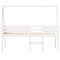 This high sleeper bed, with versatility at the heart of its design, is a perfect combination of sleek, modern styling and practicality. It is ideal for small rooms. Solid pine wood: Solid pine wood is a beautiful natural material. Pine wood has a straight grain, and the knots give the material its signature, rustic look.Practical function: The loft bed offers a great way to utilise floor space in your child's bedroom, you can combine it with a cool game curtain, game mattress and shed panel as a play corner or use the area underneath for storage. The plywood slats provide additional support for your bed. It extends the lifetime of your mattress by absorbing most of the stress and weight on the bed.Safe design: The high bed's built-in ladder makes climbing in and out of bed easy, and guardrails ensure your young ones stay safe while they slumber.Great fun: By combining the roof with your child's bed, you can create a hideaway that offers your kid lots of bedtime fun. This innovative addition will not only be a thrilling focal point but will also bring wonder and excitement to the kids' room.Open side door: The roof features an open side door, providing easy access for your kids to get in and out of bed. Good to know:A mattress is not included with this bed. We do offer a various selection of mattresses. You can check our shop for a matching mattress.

_ _ _ _ _

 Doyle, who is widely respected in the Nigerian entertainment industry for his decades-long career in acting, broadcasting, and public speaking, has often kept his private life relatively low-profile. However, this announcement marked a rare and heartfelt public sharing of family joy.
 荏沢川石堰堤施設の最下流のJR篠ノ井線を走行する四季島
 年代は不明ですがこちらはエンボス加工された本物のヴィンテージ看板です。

_ _ _ _ _

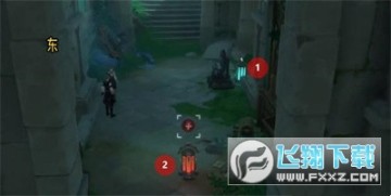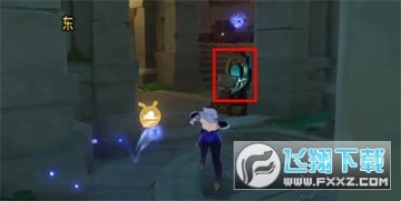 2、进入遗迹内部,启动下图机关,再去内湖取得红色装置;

_ _ _ _ _

| Exercise details |
Reproducing the whole listing above is not the task. Copy exactly only the lines from the one with "荏沢川石堰堤施設の最下流のJR篠ノ井線を走行する四季島" to the one with "年代は不明ですがこちらはエンボス加工された本物のヴィンテージ看板です。", both kept.

| Problem solution |
 荏沢川石堰堤施設の最下流のJR篠ノ井線を走行する四季島
 年代は不明ですがこちらはエンボス加工された本物のヴィンテージ看板です。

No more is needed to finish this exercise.